Raio verde a Oeste sobre o Mar no Porto do Graal,
Último Instante do Sol poente que vela em Fim
A luz do mundo que nos fascina,
Nuvens índigo frementes de violetas luminescentes.

Sol da Noite que sempre se levanta a Leste,
Lua, Nave silenciosa do Sol Invisível e Invencido.

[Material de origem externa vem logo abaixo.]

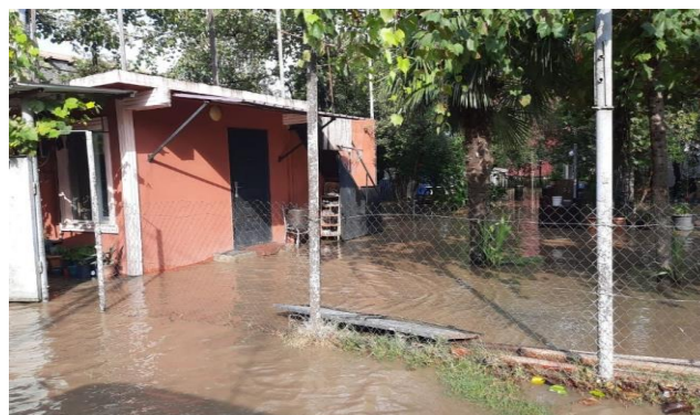
Image 1- Flooded house in Batumi; October 2020.

Since July 2020, 118 volunteers were mobilized and engaged in the local response activities, including information collection, situation assessment and distribution of food and hygiene items to 3390 individuals (1,005 HH) in the targeted communities of Oni, Lanchkhuti, Kutaisi, Lagodekhi, Lentekhi, Sagarejo and Batumi municipalities. Promptly after the October 2020 floods, the Batumi branch, in coordination with the GRCS HQ office, engaged the mobilized volunteers in the emergency response action involving the data collection and situation assessment in Batumi municipality.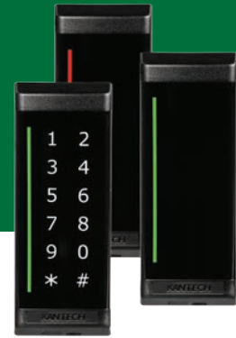
KT-MUL-MT-KP, KT-MUL-MT, KT-MUL-SC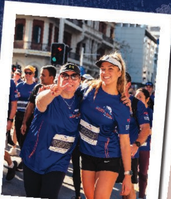
50 YEARS OF COMMUNITY!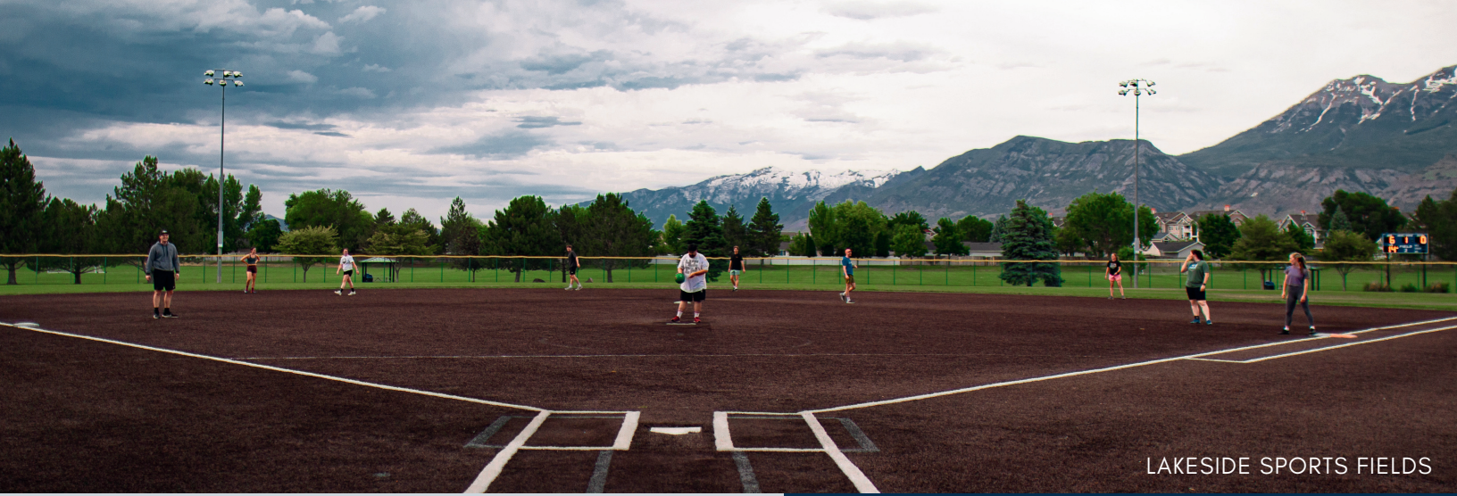
LAKESIDE SPORTS FIELDS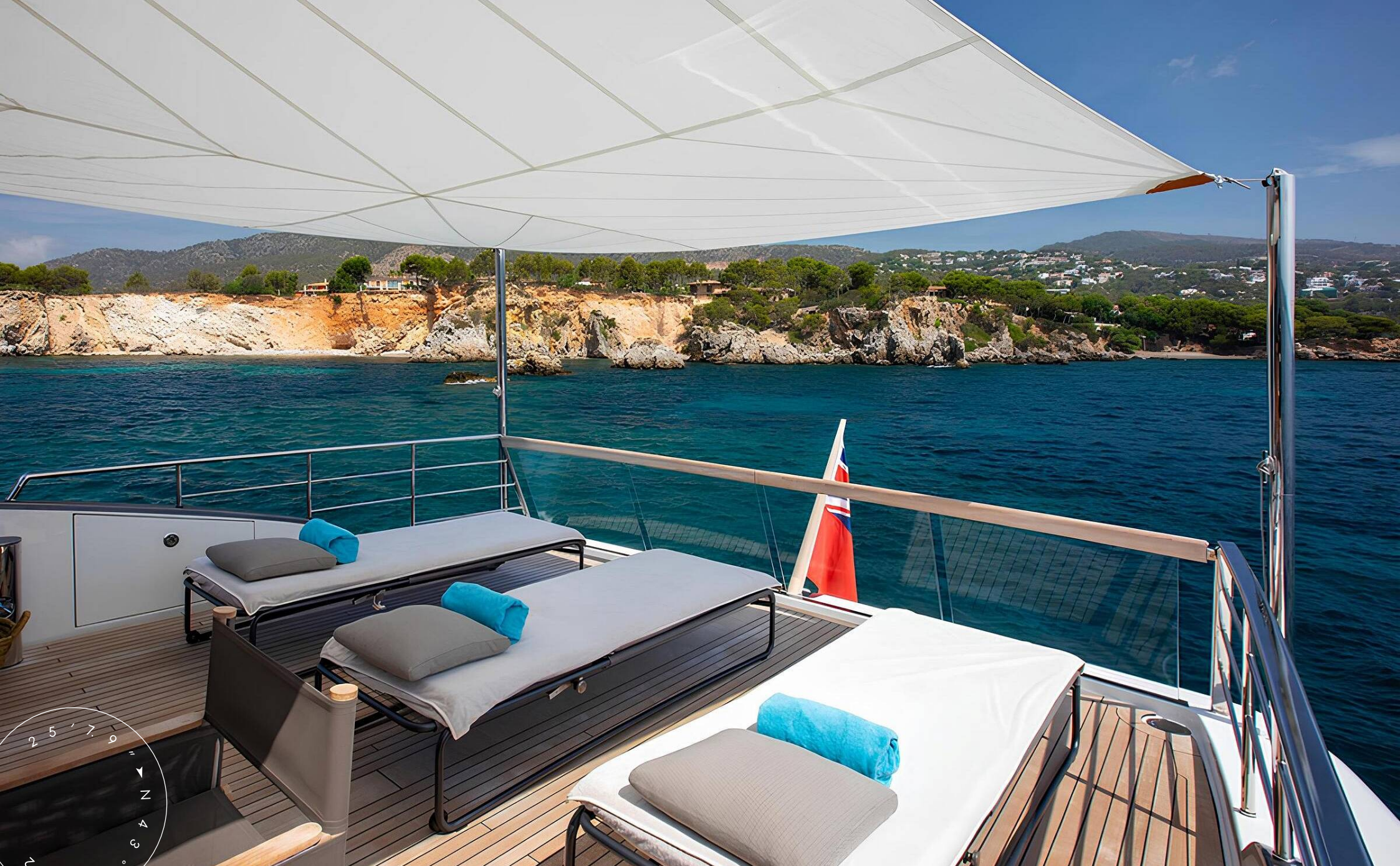
FLYBRIDGE AFT SUNBATHING AREA

Estrelas, luciferinas do Absoluto.

Segredos do Inefável.

Lumen de lumine.
Eu Sou e Permaneço.

Sem espelho nem pó,
O ser verdadeiro reflecte-se a si mesmo.

Quem fala de reflexo?
Quem fala de Vazio?
Ninguém.

Quintessência de Claridade,  de Fogo e de Calor,
A Flor Luz,
É o Tesouro dos tesouros,
Segredo dos segredos.







Murmures de la Lune

Rayon vert à l’Ouest sur la Mer au Port du Graal,
Dernier Instant du Soleil couchant qui voile en Fin
La lumière du monde qui nous éblouit,
Nuages indigo frémissants de violettes luminescences.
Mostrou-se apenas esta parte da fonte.